Question

A body is moving along the +ve x axis with uniform acceleration of $- 4m/{s^2}$ . Its velocity at $x = 0$ is 10 m/s. the time taken by the body to reach a point at $x = 12m$ is
(A) (2s, 3s)
(B) (3s, 4s)
(C) (4s, 8s)
(D) (1s, 2s)

Answer 1

The acceleration being negative means that the acceleration is directed towards the negative x axis. The second equation of motion can be used to calculate the time.

Formula used: In this solution we will be using the following formulae;
$s = ut \pm \dfrac{1}{2}a{t^2}$ where $s$ is the distance covered by a body undergoing acceleration, $u$ is the initial velocity, and $t$ is the time taken to cover the distance, and $a$ is the value of the acceleration of the body.
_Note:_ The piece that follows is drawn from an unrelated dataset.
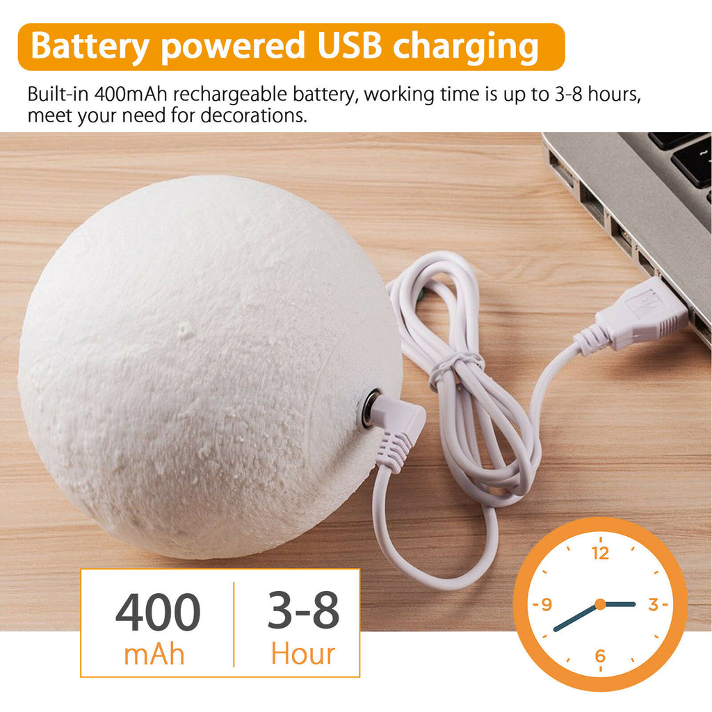 This moon lamp is cold and safe for everyone as it brights with an up to 1.5W LED Light, not only that but it can work perfectly for up to 8 hours with a single charge depending on the color and brightness of the light.

Complete Step-by-Step solution
A body is said to move along the positive x axis, and acceleration is defined to be equal to $- 4m/{s^2}$ . This shows that the acceleration is in the opposite direction as velocity (direction of motion), and thus in the direction of the negative x axis. Now the velocity was initialized at $x = 0$ to be equal to 10 m/s. we are to find the time taken to by the body to reach a point $x = 12m$ .
If observed, we have all the quantities needed to use the second equation of motion, given by
$s = ut \pm \dfrac{1}{2}a{t^2}$ where $s$ is the distance covered by a body undergoing acceleration, $u$ is the initial velocity, and $t$ is the time taken to cover the distance, and $a$ is the value of the acceleration of the body.
Inserting all known values,
$12 = 10t - \dfrac{1}{2}\left( 4 \right){t^2}$
$\Rightarrow 12 = 10t - 2{t^2}$
Rearranging the equation and dividing through by 2, we have
${t^2} - 5t + 6 = 0$
Solving the quadratic equation which can be given as
$t = \dfrac{{ - b \pm \sqrt {{b^2} - 4ac} }}{{2a}}$
Hence, we have that
$t = \dfrac{{5 \pm \sqrt {{5^2} - 4\left( 6 \right)} }}{2}$
By computation,
$t = \dfrac{{5 \pm 1}}{2}$
Hence,
$\Rightarrow t = \dfrac{6}{2} = 3s{\text{ and }}t = \dfrac{4}{2} = 2s$
Hence, your correct answer is A.

Note
The presence of two answers signifies that when the object is at point $x = 12m$ , it could be at anyone of these times. This can occur also for example in a case of an object thrown upwards. At a particular point, the object will be there twice. When it is going up and when it is coming down which happens after different times.